(Saved entries)
· · · ·

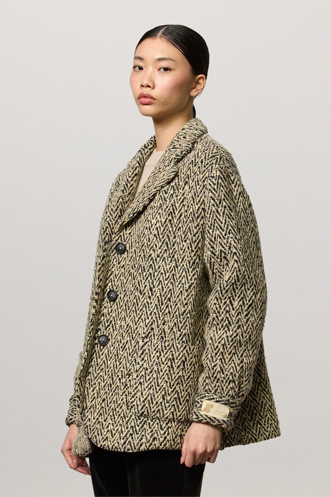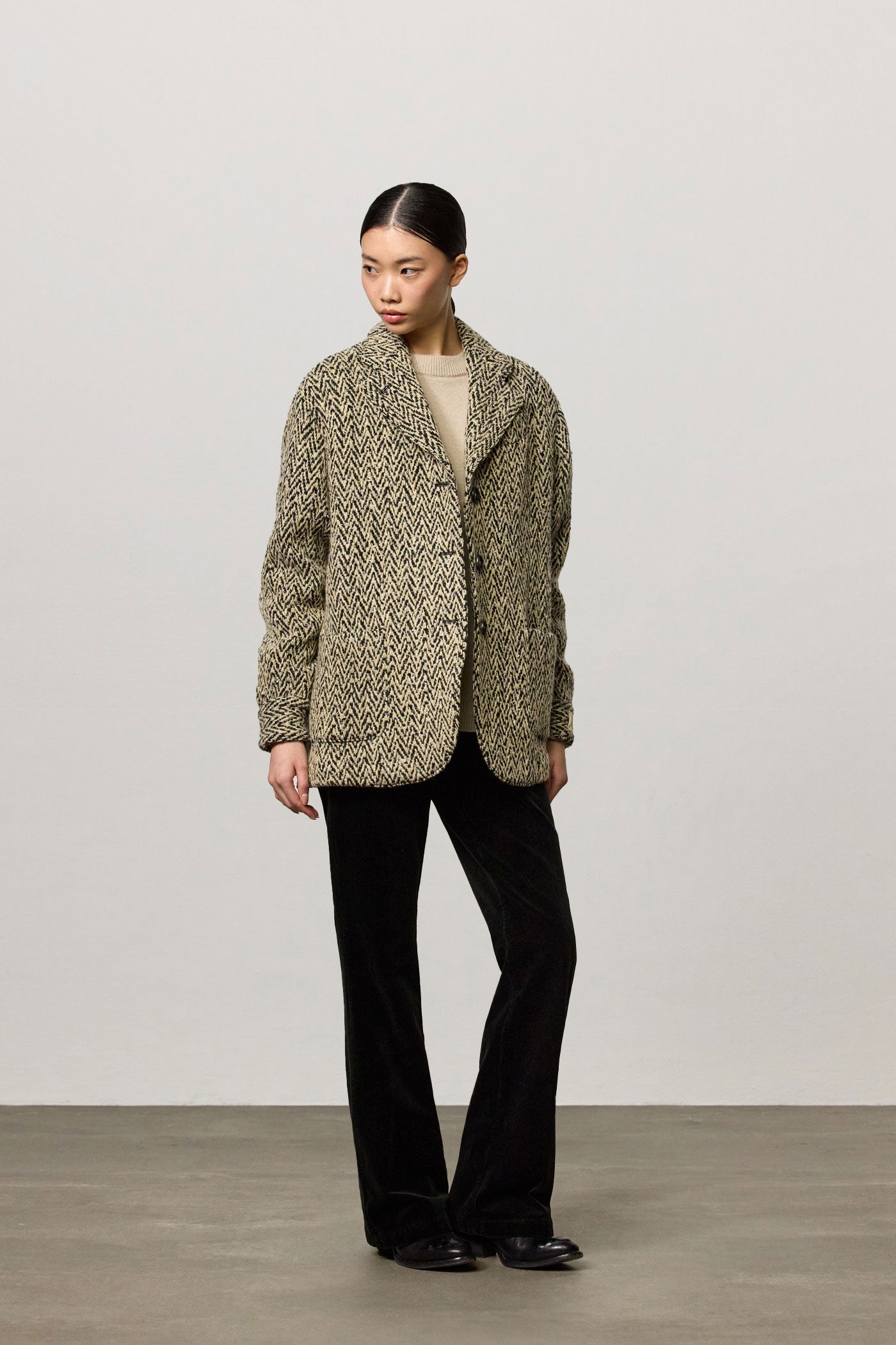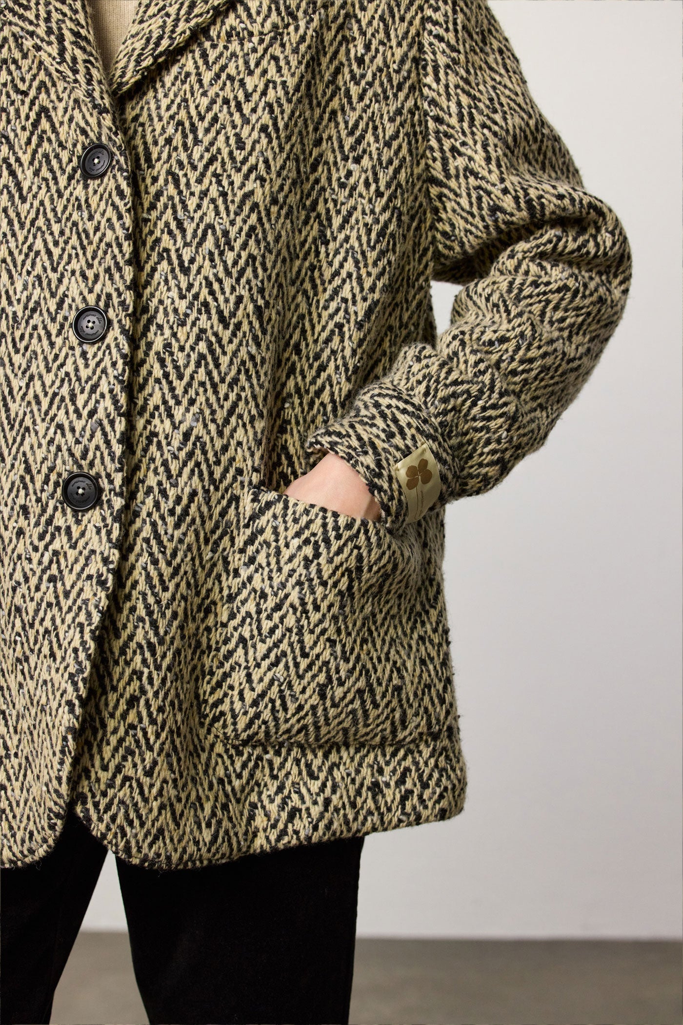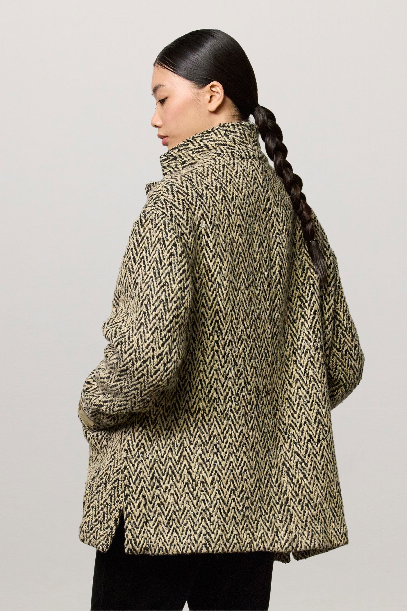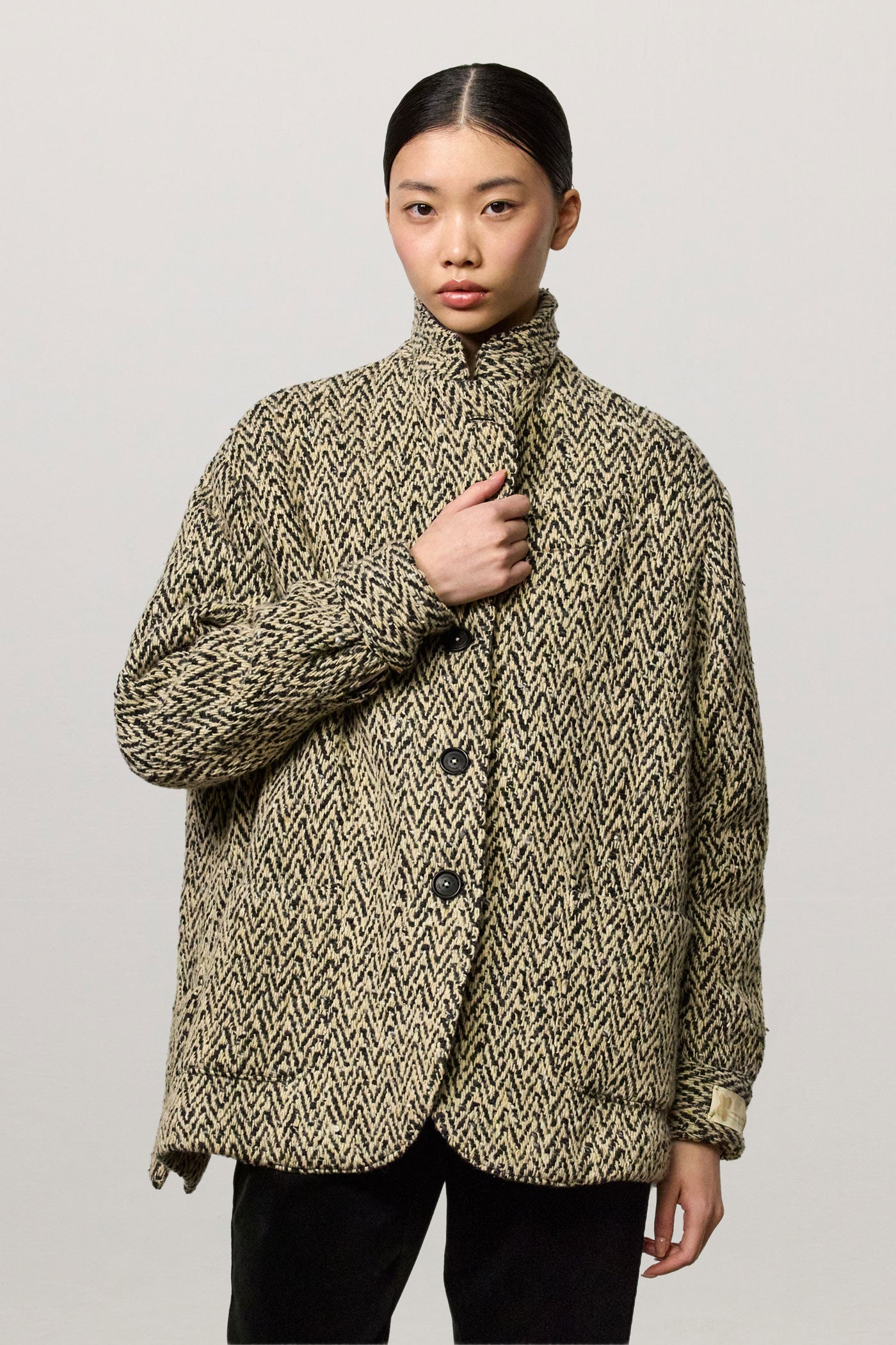 Oversized single-breasted caban with dropped shoulders, shirt-style cuffed sleeves, patch pockets and high chest pocket. Finished with horn buttons. Crafted from virgin wool. Made in Italy.
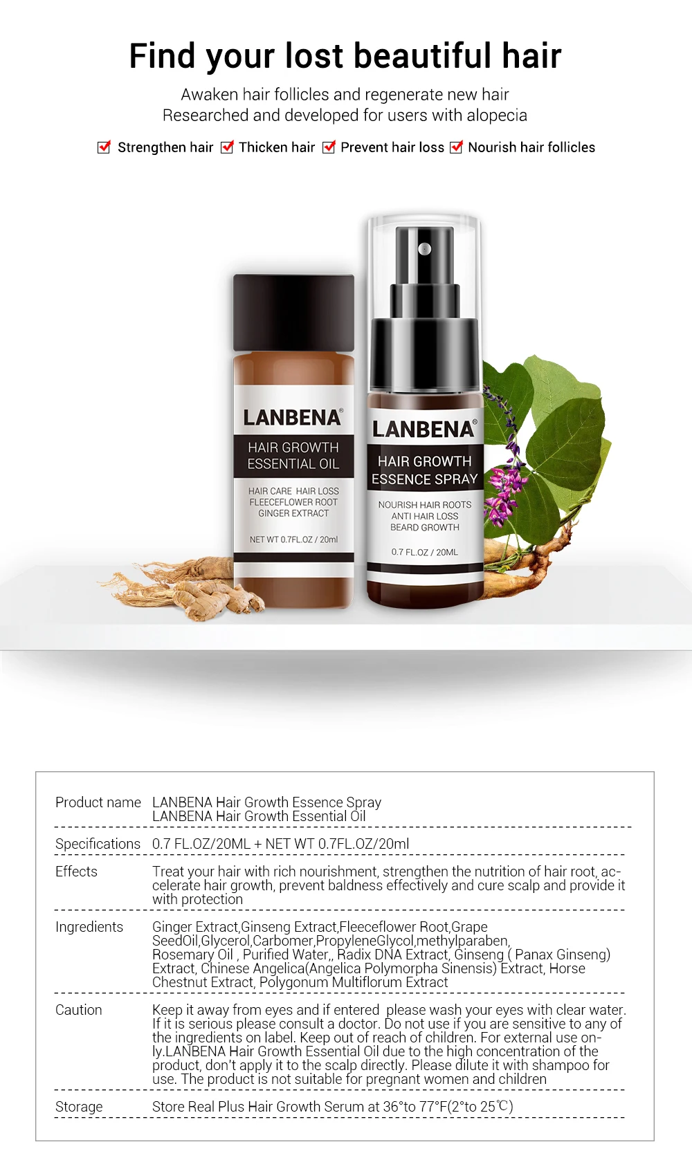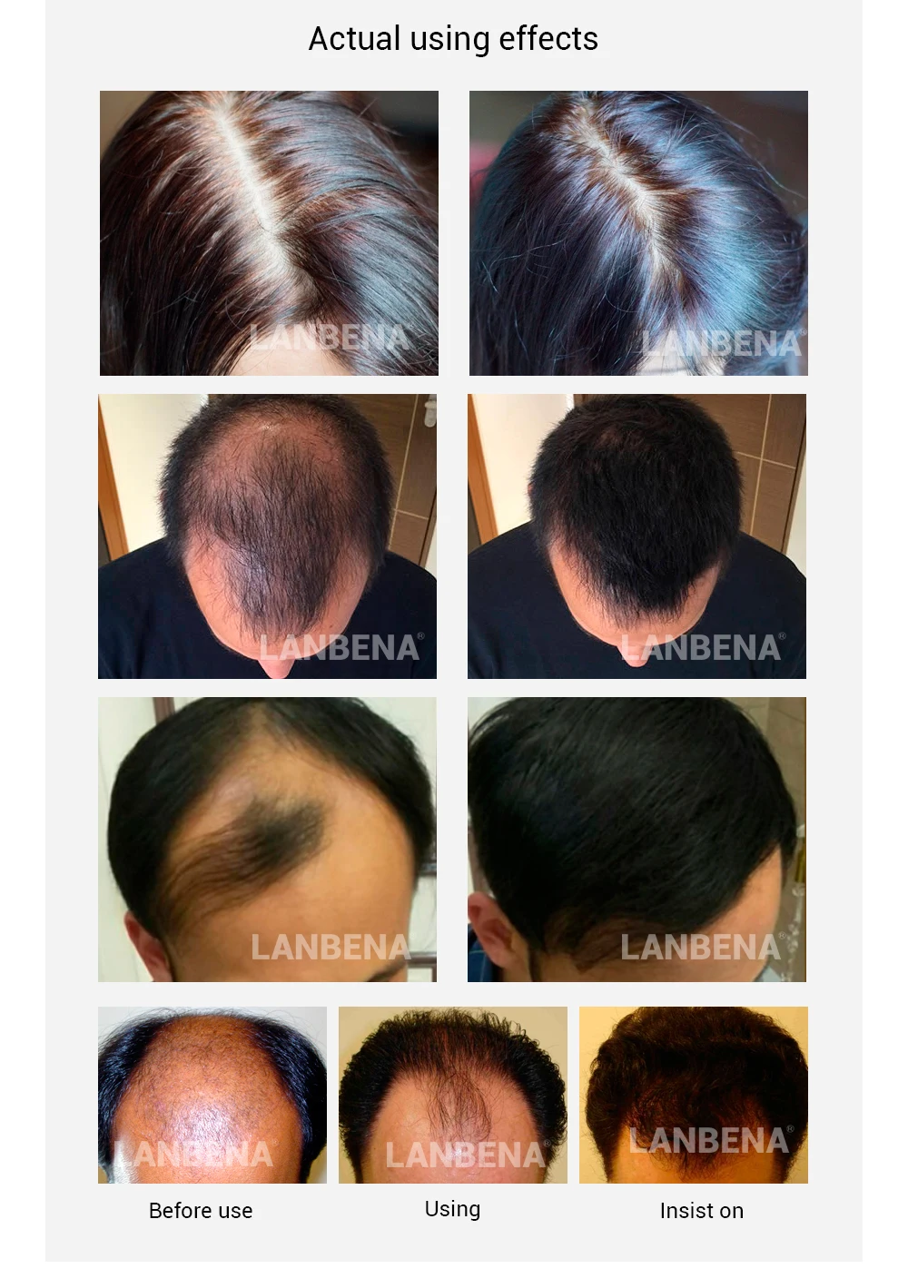 LANBENA hair growth spray and hair growth essence have the functions of accelerating blood circulation on scalp, enhancing the massiveness of hair follicles and hair roots, swelling hair roots, promoting melanin synthesis, mending hair quality, LANBENA GROWTH ESSENCE SPRAY (Strong Version) could also help you with the following ways, such as increasing hair elasticity, speeding up the hair growth and cleaning deposit dirty on sebum of pore thoroughly. LANBENA GROWTH ESSENCE SPRAY is effective to all kinds of hair-loss, alopecia areata and alopecia totalis. It is the most effectual herbal hair growth product.
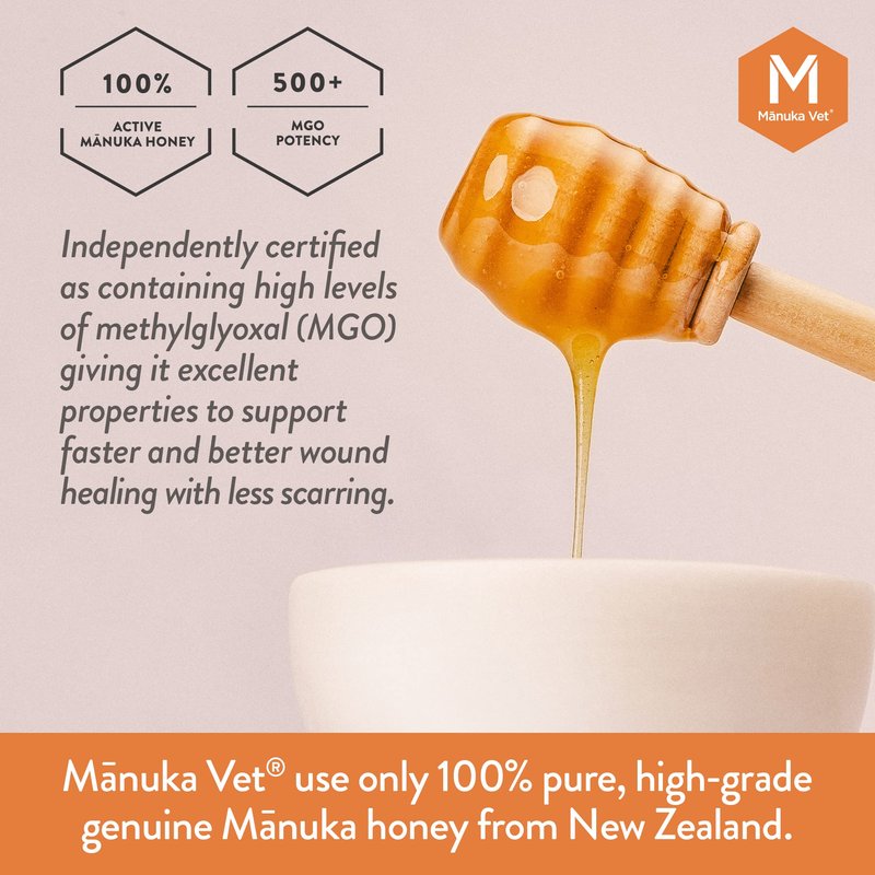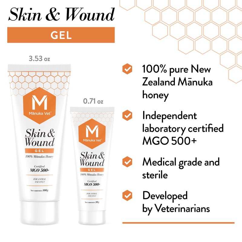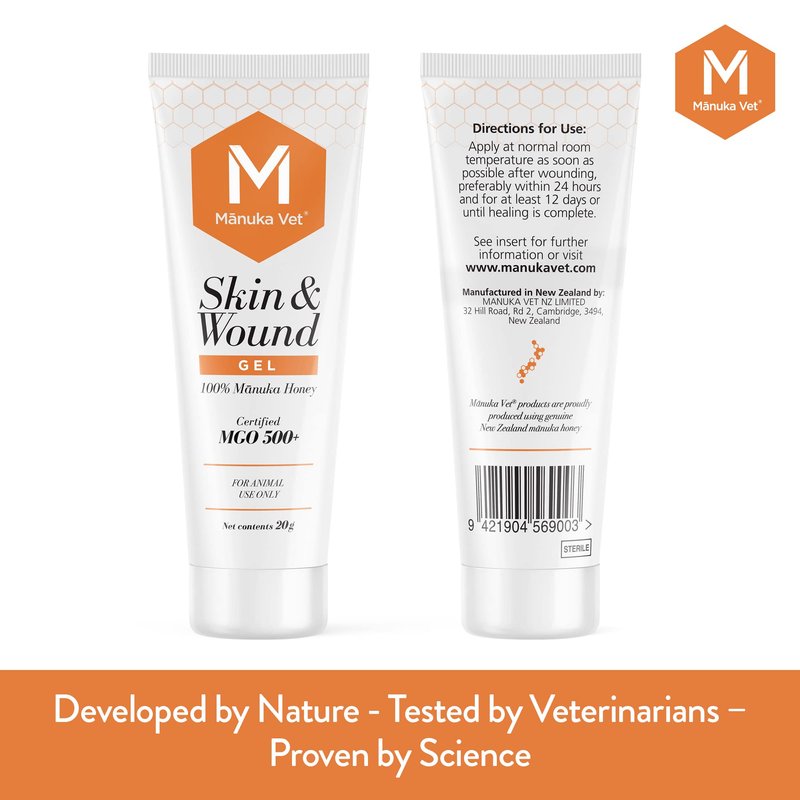 Manuka Vet Skin & Wound Gel is a topical ointment for use on animals with minor wounds and skin abrasions including burns, cuts, scratches, bites and hot spots. It contains 100% pure medical-grade Manuka honey from New Zealand. The gel creates a protective barrier against dirt, debris and other contaminants while moisturizing the wound and creating an ideal wound healing environment. The medical-grade Mānuka honey (UMF 15+) in Manuka Vet Skin & Wound Gel heals wounds faster with less inflammation and scarring. Developed by Nature - Tested by Veterinarians - Proven by Science. Traceable to the original beekeeper in New Zealand.
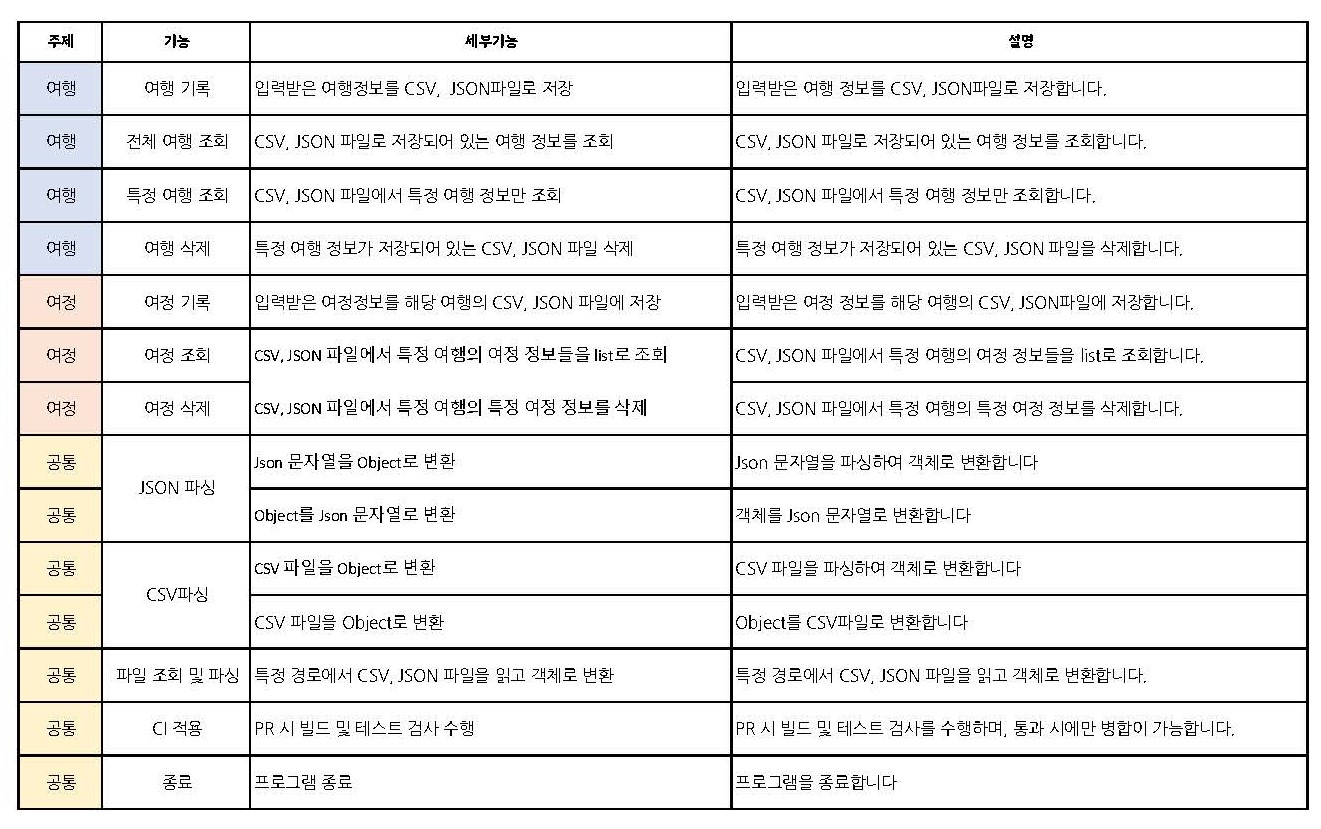 - 여행 정보와 특정 여행의 여정 정보는 데이터 저장 경로에 파일 형태로 저장한다. (CSV, Json)
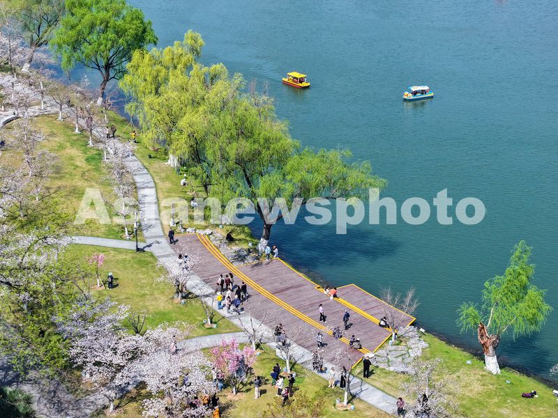 2025年3月22日,江苏南京玄武湖公园春意盎然,樱花绽放,柳枝吐绿,吸引众多游客前来踏青赏花,尽享美好春光。

· · · ·

Return each line above exactly; any pictures are to be skipped.

## FINAL ANSWER
 Oversized single-breasted caban with dropped shoulders, shirt-style cuffed sleeves, patch pockets and high chest pocket. Finished with horn buttons. Crafted from virgin wool. Made in Italy.
 LANBENA hair growth spray and hair growth essence have the functions of accelerating blood circulation on scalp, enhancing the massiveness of hair follicles and hair roots, swelling hair roots, promoting melanin synthesis, mending hair quality, LANBENA GROWTH ESSENCE SPRAY (Strong Version) could also help you with the following ways, such as increasing hair elasticity, speeding up the hair growth and cleaning deposit dirty on sebum of pore thoroughly. LANBENA GROWTH ESSENCE SPRAY is effective to all kinds of hair-loss, alopecia areata and alopecia totalis. It is the most effectual herbal hair growth product.
 Manuka Vet Skin & Wound Gel is a topical ointment for use on animals with minor wounds and skin abrasions including burns, cuts, scratches, bites and hot spots. It contains 100% pure medical-grade Manuka honey from New Zealand. The gel creates a protective barrier against dirt, debris and other contaminants while moisturizing the wound and creating an ideal wound healing environment. The medical-grade Mānuka honey (UMF 15+) in Manuka Vet Skin & Wound Gel heals wounds faster with less inflammation and scarring. Developed by Nature - Tested by Veterinarians - Proven by Science. Traceable to the original beekeeper in New Zealand.
 - 여행 정보와 특정 여행의 여정 정보는 데이터 저장 경로에 파일 형태로 저장한다. (CSV, Json)
 2025年3月22日,江苏南京玄武湖公园春意盎然,樱花绽放,柳枝吐绿,吸引众多游客前来踏青赏花,尽享美好春光。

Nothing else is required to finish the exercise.